Researchers estimate that almost half of all U.S. jobs are at risk of being automated in the next two decades.
This isn’t necessarily bad. The economy we’re heading toward could offer millions of people more free time to do what they want to do instead of what they have to do to earn a living. But to make this work, we’ll have to figure out some way to recirculate the money from the handful of people who design and own i-Everythings, to the rest of us who will want to buy i-Everythings.
One answer: A universal basic income – financed out of the profits going to such labor replacing innovations, or perhaps even a revenue stream off of the underlying intellectual property.
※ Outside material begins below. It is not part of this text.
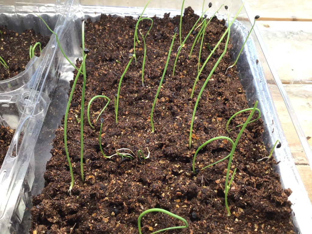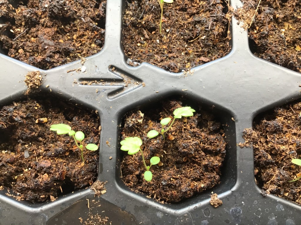 Here’s our cute little baby Alpine strawberries… You can see that we’re using seed cell trays for them, but there’s tons of other options for planters too!
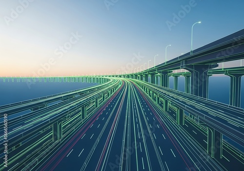 Fototapeta premium Futuristic Highway Overpass System, Digital Art, Abstract Design.

Some conservatives believe it’s superior or other kinds of public assistance because a universal basic income doesn’t tell people what to spend the assistance on, and doesn’t stigmatize recipients because everyone qualifies. In recent years, evidence has shown that giving people cash as a way to address poverty actually works. In study after study, people don’t stop working and they don’t drink it away.
Interest in a basic income is surging, with governments debating it from Finland to Canada to Switzerland to Namibia. The charity “Give Directly” is about to launch a basic income pilot in Kenya, providing an income for more than 10 years to some of the poorest and most vulnerable families on the planet. And then rigorously evaluate the results.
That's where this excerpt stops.